However, Judge Moore does not live in a country where only one religion is declared the official government religion.  Where only one interpretation of that religion is sanctioned. Where other religions are persecuted.

The United States does not have an official government sanctioned religion.  Here we have religious pluralism and the promise of religious freedom for all religions to not only be practiced but to have their rituals protected and recognized by the Government. This protection is found in our nation’s most sacred of texts, a text that Judge Moore vowed to uphold in his role as judge.

From the Declaration of Independence:  We hold these truths to be self-evident, that all people are created equal, that they are endowed by their Creator certain unalienable Rights, that among these are Life, Liberty and the pursuit of Happiness—that to secure these rights, Governments are instituted among people, deriving their just powers from the consent of the governed, –that whenever any form of government becomes destructive of these ends, it is the right of the people to alter or to abolish it, and to institute new government, laying its foundation on such principles and organizing its powers in such form, as to them shall seem most likely to effect their safety and happiness.

Preamble of the Constitution of the United States. We the People of the United States, in Order to form a more perfect Union, establish Justice, insure domestic Tranquility, provide for the common defense, promote the general Welfare, and secure the Blessings of Liberty to ourselves and our Posterity, do ordain and establish this Constitution for the United States of America.

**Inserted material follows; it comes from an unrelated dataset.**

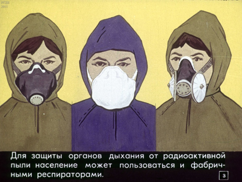 Для защиты органов дыхания от радиоактивной пыли население может пользоваться и фабричными респираторами.

Constitution of the United States, 1st Amendment:  Congress shall make no law respecting an establishment of religion, or prohibiting the free exercise thereof, or abridging the freedom of speech, or of the press, or the right of the people peaceably to assemble, and to petition the Government for a redress of grievances.

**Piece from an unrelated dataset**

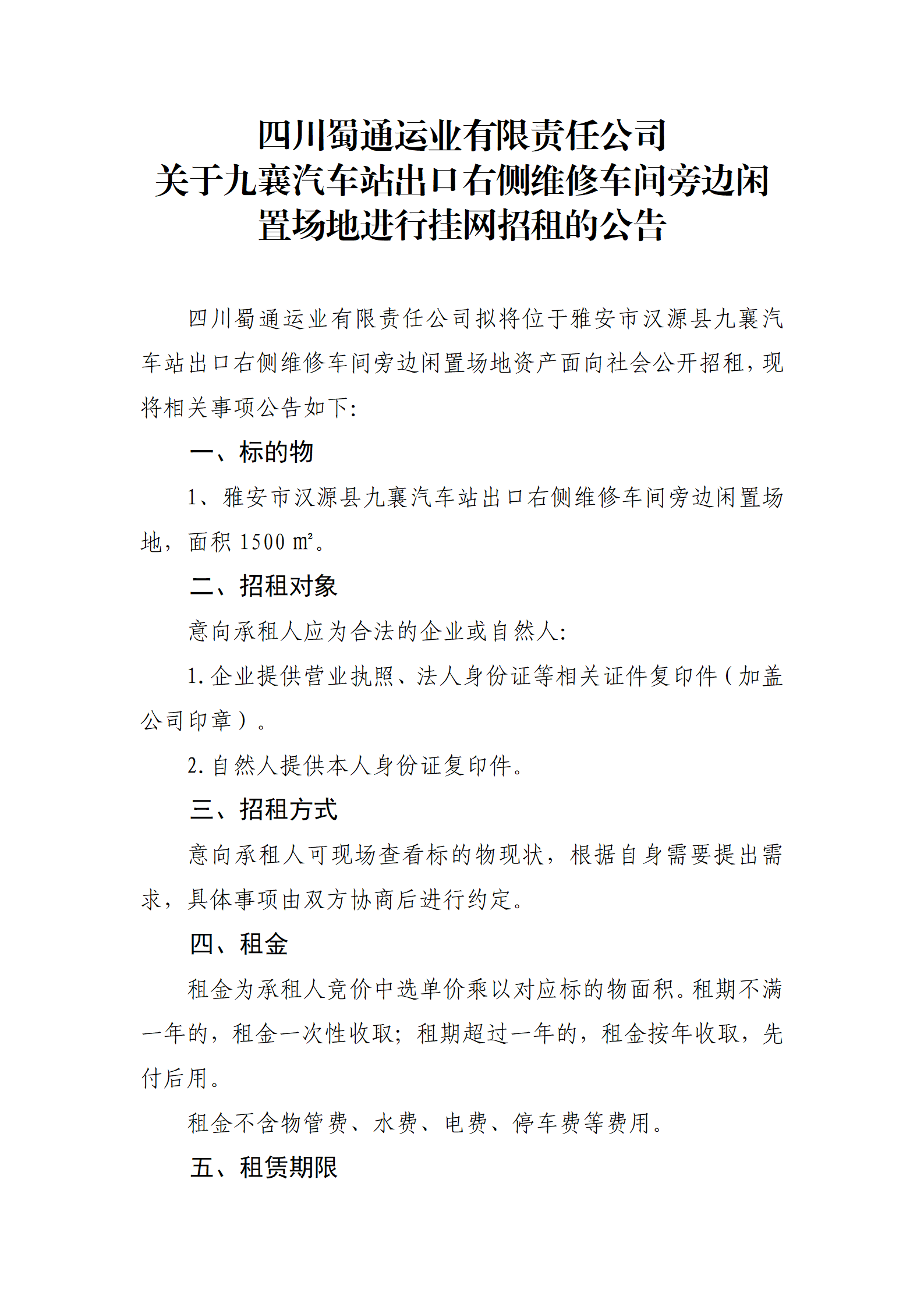 四川蜀通運(yùn)業(yè)有限責(zé)任公司 關(guān)于九襄汽車(chē)站出口右側(cè)維修車(chē)間旁邊閑置場(chǎng)地進(jìn)行掛網(wǎng)招租的公告

Constitution of the United States, 14 Amendment, Section 1.  All persons born or naturalized in the United States, and subject to the jurisdiction thereof, are citizens of the United States and of the State wherein they reside. No State shall make or enforce any law which shall abridge the privileges or immunities of citizens of the United States; nor shall any State deprive any person of life, liberty, or property, without due process of law; nor deny to any person within its jurisdiction the equal protection of the laws.

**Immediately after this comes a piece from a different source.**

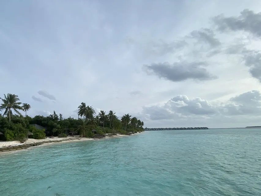Der Sand ist ganz weiß und das Meer glitzert in den verschiedenen Blautönen.

It is from these documents that I stand here today to proclaim that my faith, which teaches me to love one another, no matter who you are or whom you love is to be respected under this constitution.  My religion, while a minority religion in the state of Alabama, has under the US Constitution the legal and moral authority to have its marriages recognized by the government of these states.  This right has been denied the members of my faith and other faiths for decades.  It was a right that was finally recognized by the Supreme Court as being fully constitutional.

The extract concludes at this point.